**What is being asked**
Leaving out the images, return the data below exactly as it is written.

**Data section**
━━━

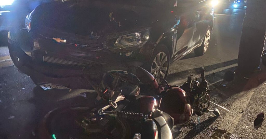 A colisão foi entre um veículo e uma motocicleta. O condutor do moto e o garupa ficaram feridos.
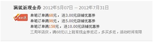 基于旺鋪,給賣家提供一個店鋪營銷平臺,通過這個營銷平臺可以給賣家更多的流量。讓賣家的店鋪促銷活動可以面向全網(wǎng)推廣,將便宜、優(yōu)惠的店鋪促銷活動推廣到買家。滿就送包括滿就減,滿就送禮,滿就送積分,滿就免郵費等,如下滿就返現(xiàn)金券,也是比較實用的一款。
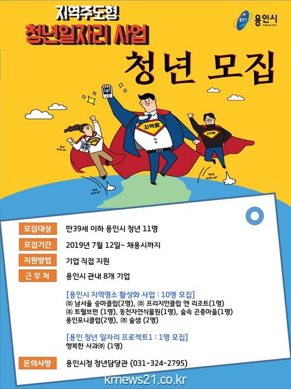 이는 행정안전부의 지역주도형 청년 일자리사업에 따른 것으로 용인 지역 명소 활성화 추진단 사업을 통해 관광기업에 10명, 용인 청년 일자리 창출 프로젝트로 사회적 경제 기업에 1명을 채용한다. 해당 기업엔 용인 청년 채용인원 1인당 매달 약 160만 원의 인건비와 직무교육비 등을 일정 기간 지원한다.

━━━

**Task response**
 A colisão foi entre um veículo e uma motocicleta. O condutor do moto e o garupa ficaram feridos.
 基于旺鋪,給賣家提供一個店鋪營銷平臺,通過這個營銷平臺可以給賣家更多的流量。讓賣家的店鋪促銷活動可以面向全網(wǎng)推廣,將便宜、優(yōu)惠的店鋪促銷活動推廣到買家。滿就送包括滿就減,滿就送禮,滿就送積分,滿就免郵費等,如下滿就返現(xiàn)金券,也是比較實用的一款。
 이는 행정안전부의 지역주도형 청년 일자리사업에 따른 것으로 용인 지역 명소 활성화 추진단 사업을 통해 관광기업에 10명, 용인 청년 일자리 창출 프로젝트로 사회적 경제 기업에 1명을 채용한다. 해당 기업엔 용인 청년 채용인원 1인당 매달 약 160만 원의 인건비와 직무교육비 등을 일정 기간 지원한다.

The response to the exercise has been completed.